Problem: When you reach the line containing "PISTOLA METALICA RECUBRIMIENTO" in the records below, set it down exactly, together with every later line through the end, but not the pictures.

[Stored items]
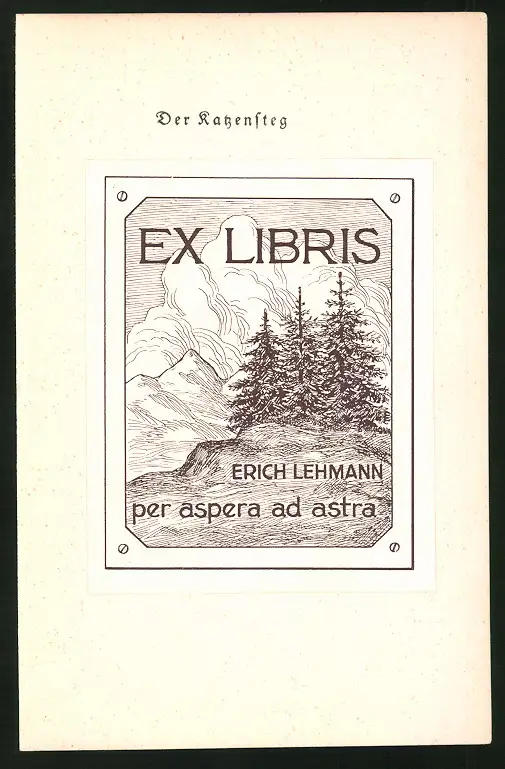 Exlibris Erich Lehmann, Berge mit Tannenbäumen
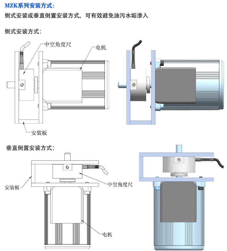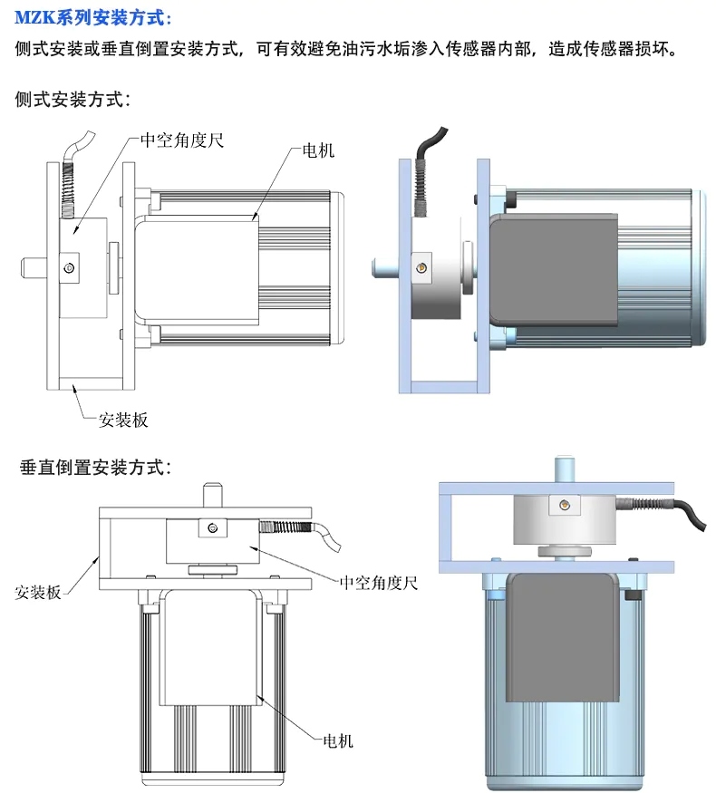 MZK-(6mm-50mm)中空軸角度傳感器安裝方式:
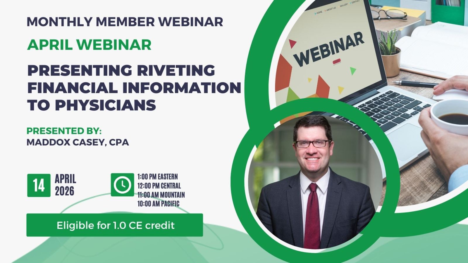 Monthly webinars provide members and their staff, education from the comfort of the office.Learn from industry experts on healthcare's hottest topics and earn CE credit. Webinars are 60-90 minutes long, offered live or on demand and live sessions include Q & A with the speakers.
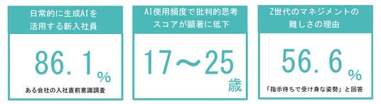 人材採用・育成においては、これまでも価値観の多様化によるその難しさは叫ばれていましたが、AI時代はこれまで以上に若手社員が指示待ち(答え待ち)の受け身姿勢になりやすい状況です。すでに企業側の75%がZ世代のマネジメントに難しさを感じ、その最大の理由(56.6%)として「指示待ちで受け身な姿勢」を挙げています※4。
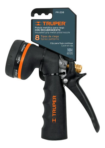 PISTOLA METALICA RECUBRIMIENTO 8 FUNCIONES Cuerpo metálico recubierto de doble inyección ABS/TPR Clip para flujo continuo, permite que el agua fluya sin apretar constantemente Cabeza giratoria para ajustar a la función elegida Código: 18477
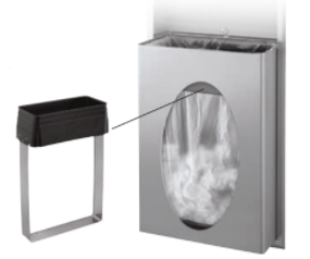 LinerMate improves restroom appearance by securing trash bag into waste receptacle for a flush, out-of-sight fit.
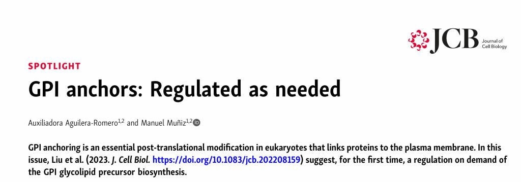 近日,西班牙塞维利亚大学(University of Seville)Manuel Muñiz教授及Auxiliadora Aguilera-Romero博士在国际高水平期刊Journal of cell biology上撰文(https://rupress.org/jcb/article/222/5/e202303097/214027/GPI-anchors-Regulated-as-neededGPI-anchors),专题报道世界杯官网青年教师柳艺石近期发表的GPI锚定蛋白相关研究工作(Liu et all,. J Cell Biol. 2023; 222(5): e202208159. https://doi.org/10.1083/jcb.202208159)。

Response to this exercise:
 PISTOLA METALICA RECUBRIMIENTO 8 FUNCIONES Cuerpo metálico recubierto de doble inyección ABS/TPR Clip para flujo continuo, permite que el agua fluya sin apretar constantemente Cabeza giratoria para ajustar a la función elegida Código: 18477
 LinerMate improves restroom appearance by securing trash bag into waste receptacle for a flush, out-of-sight fit.
 近日,西班牙塞维利亚大学(University of Seville)Manuel Muñiz教授及Auxiliadora Aguilera-Romero博士在国际高水平期刊Journal of cell biology上撰文(https://rupress.org/jcb/article/222/5/e202303097/214027/GPI-anchors-Regulated-as-neededGPI-anchors),专题报道世界杯官网青年教师柳艺石近期发表的GPI锚定蛋白相关研究工作(Liu et all,. J Cell Biol. 2023; 222(5): e202208159. https://doi.org/10.1083/jcb.202208159)。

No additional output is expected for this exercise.